───── GIVEN MATERIAL

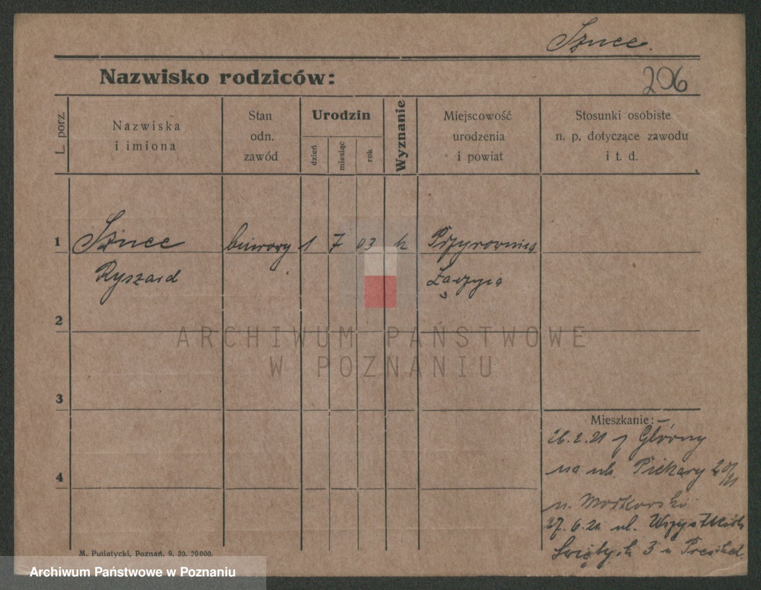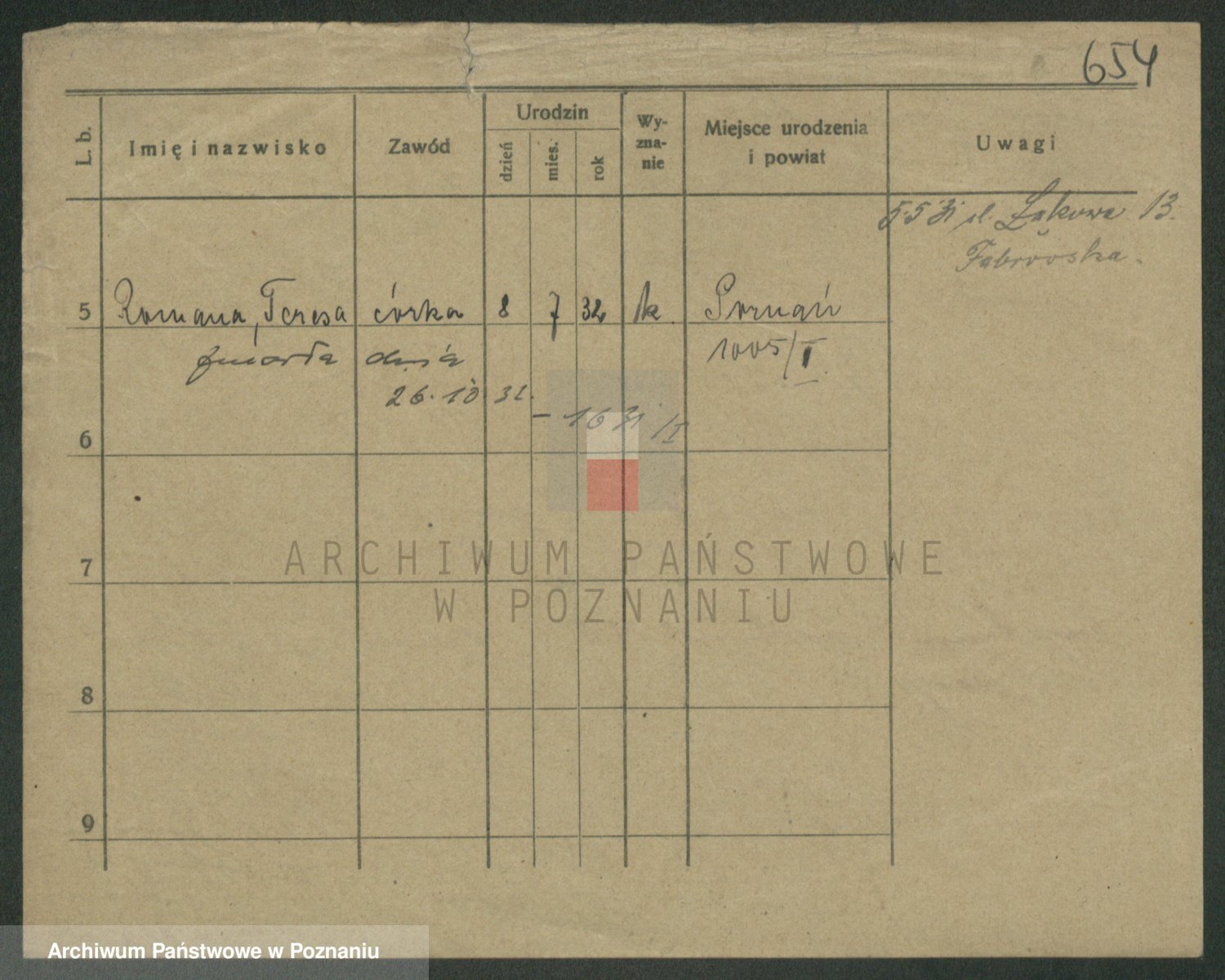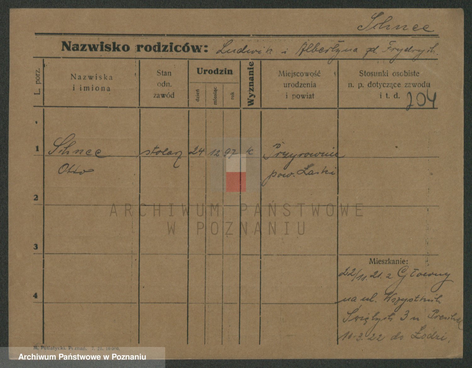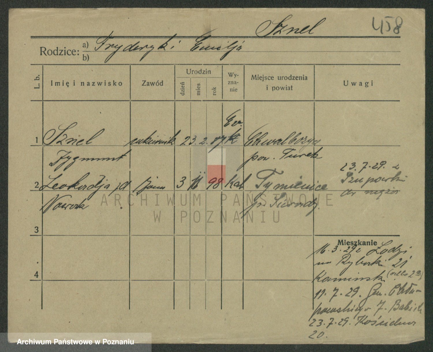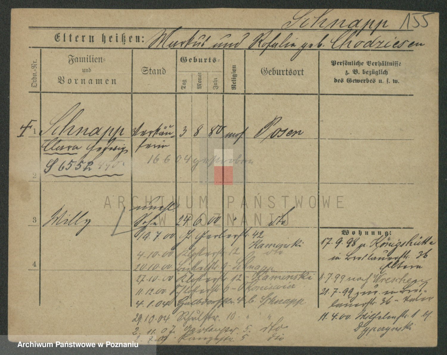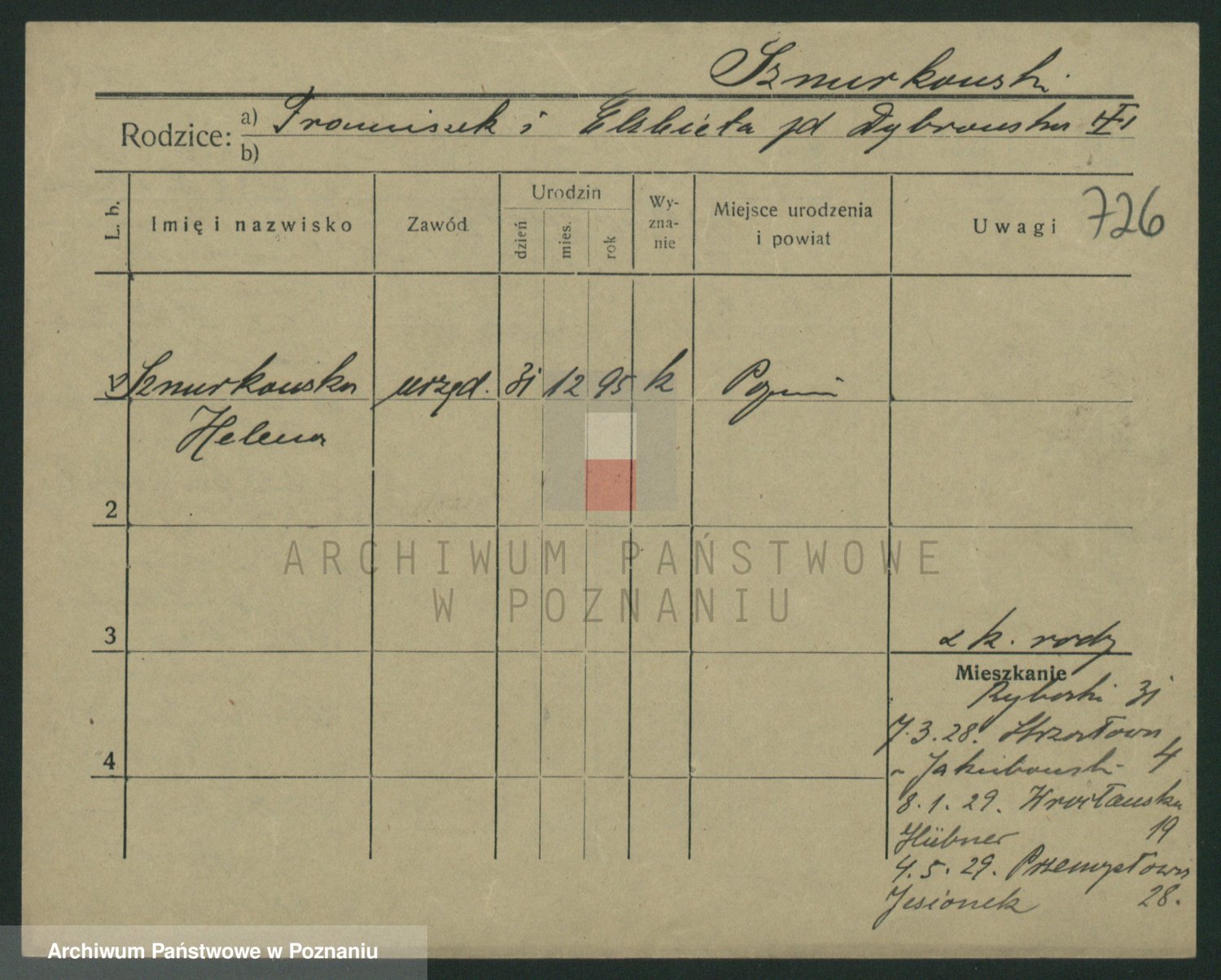 Podgląd karty osobowej dostępny jest po kliknięciu na nazwisko lub ikonkę karty. Można dokonywać powiększenia (ikony na górze) lub przechodzić między kolejnymi skanami (strzałki po bokach).
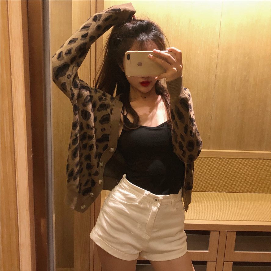 2018秋裝新款韓版時尚外套女百搭chic復古撞色豹紋v領針織開衫潮
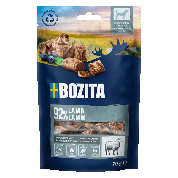 Bozita Meaty Bites - ett spannmålsfritt premiumgodis med 92% lamm, kompletterat med blåbär, mynta och lavendel. Ett läckert hundgodis, med naturliga ingredienser och gjorda av det finaste utvalda köttet. En utsökt, naturlig och aromatisk godsak.
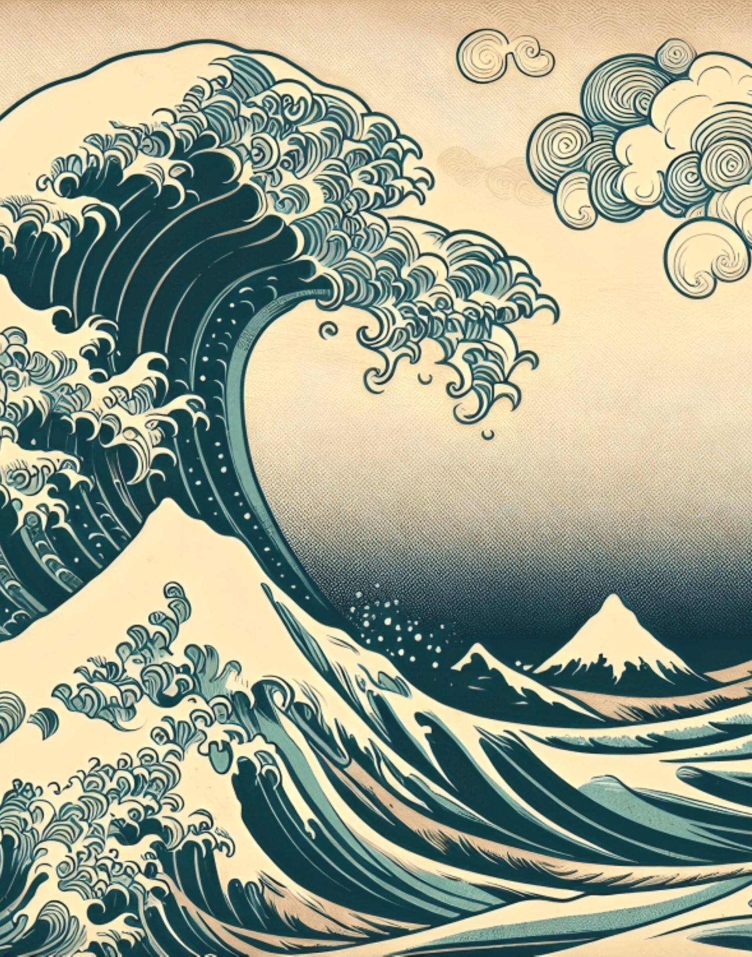 Sea Current, Seascape, Japanese Current Painting, Meritime Life, Blue Sea Painting.

──────────

Could you reproduce the listing above word for word while leaving out its pictures?

 Podgląd karty osobowej dostępny jest po kliknięciu na nazwisko lub ikonkę karty. Można dokonywać powiększenia (ikony na górze) lub przechodzić między kolejnymi skanami (strzałki po bokach).
 2018秋裝新款韓版時尚外套女百搭chic復古撞色豹紋v領針織開衫潮
 Bozita Meaty Bites - ett spannmålsfritt premiumgodis med 92% lamm, kompletterat med blåbär, mynta och lavendel. Ett läckert hundgodis, med naturliga ingredienser och gjorda av det finaste utvalda köttet. En utsökt, naturlig och aromatisk godsak.
 Sea Current, Seascape, Japanese Current Painting, Meritime Life, Blue Sea Painting.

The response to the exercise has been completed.